# Massey 451 leak



## purplewg (Jul 17, 2008)

I have a MF 451 with around 600 hours on it. I bought it repo. Last week was the first time I really put it to work. Ran it for several hours fluffing hay. I noticed a diesel leak down the side of the injector pump. After looking a little bit at it I decided it was coming from above. It appears to be up top by the valve cover. Fuel rail or injector possibly? 

I didn't have time to pull the hood and tank and everything to get to it. I did pull the hood though. I need to remove the fuel tank to get to the leak. Appears to be coming from where the fuel line runs up to the top front of the motor. I assume there is a fuel rail up there.

Just wondering if anyone else ran into this and it if was just a loose fitting or seal or what? Thanks


----------



## Live Oak (Dec 22, 2003)

Very likely the diesel fuel excess fuel return from the injectors. This should be a small piece of fuel hose running between each injector that runs back to the pump or fuel tank. I suspect one of these has come off (slip fit) or broke.


----------



## purplewg (Jul 17, 2008)

Ok, thanks.
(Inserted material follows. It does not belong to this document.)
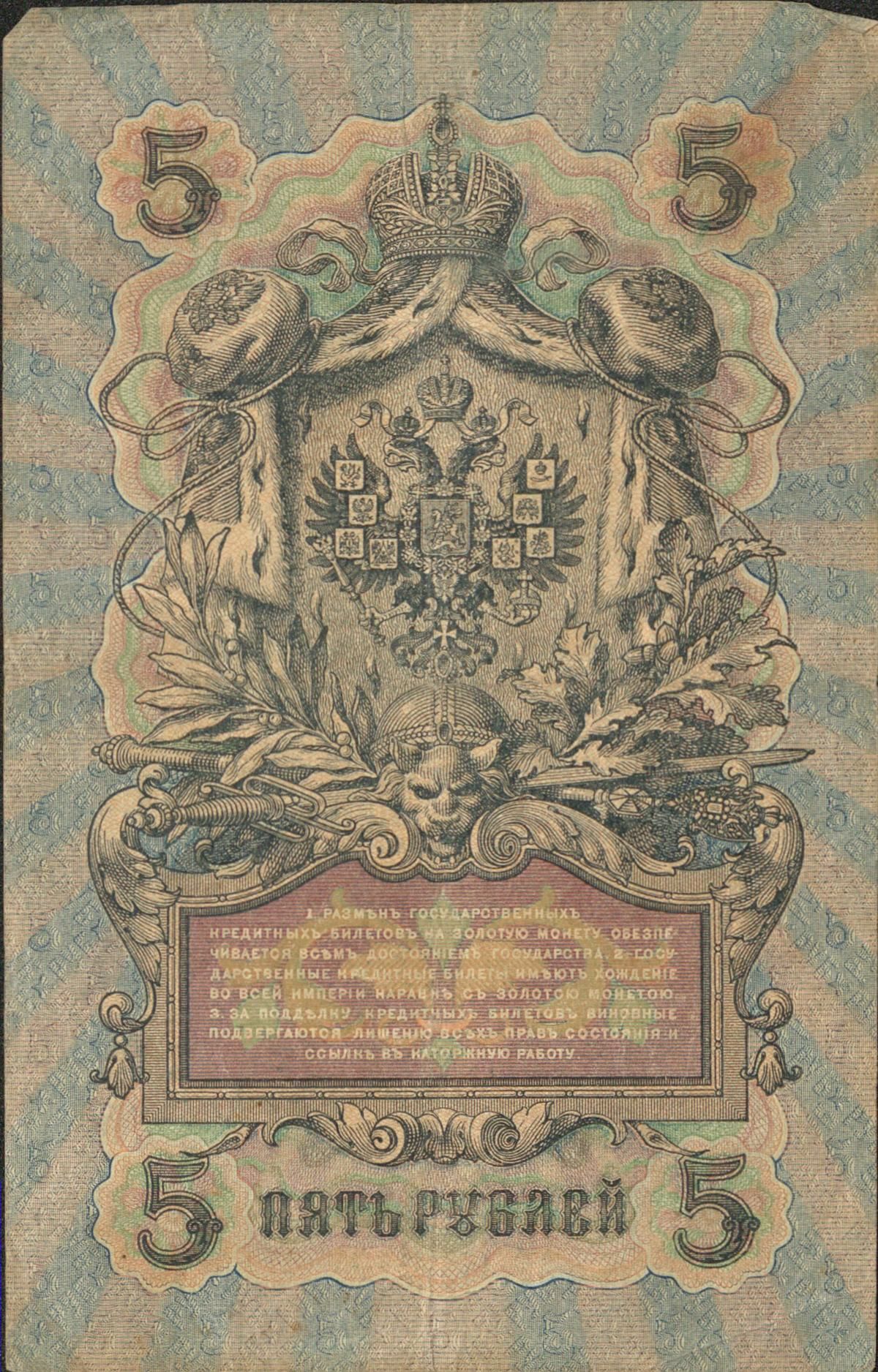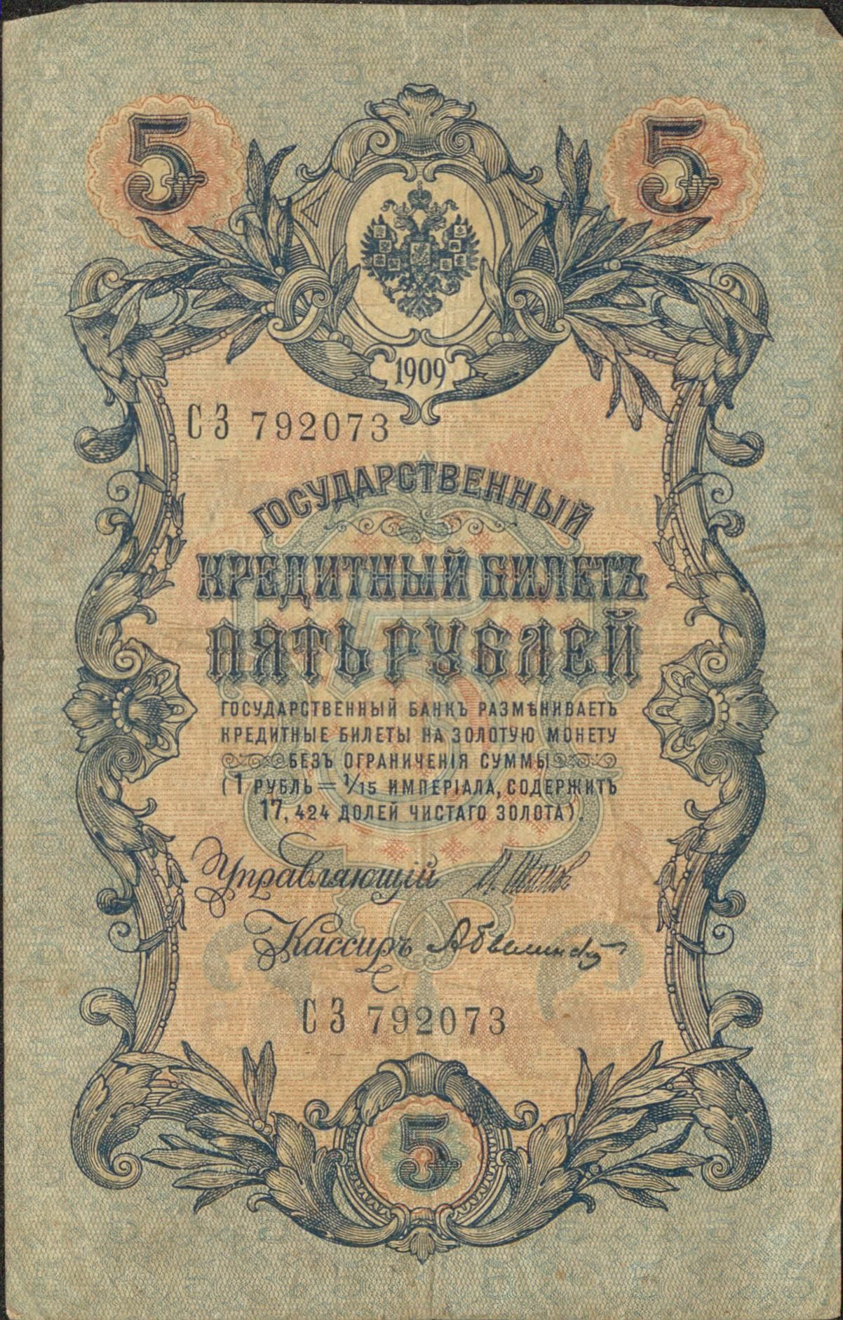 Nous avons là un billet de 3 roubles de 1905, un billet de 5 roubles de 1909 et un billet de 10 roubles de 1909 également

The fix is probably a two minute job and getting to it is probably an hour job...lol


----------



## Live Oak (Dec 22, 2003)

Be sure to let us know how the repair goes. Good luck!


----------



## UnreinT (9 mo ago)

Also have a MF 451 with a fuel leak…slow drip from left side, just above the oil fill cap. Would be helpful if could determine specific location of leaks on other 451’s to track it down.


----------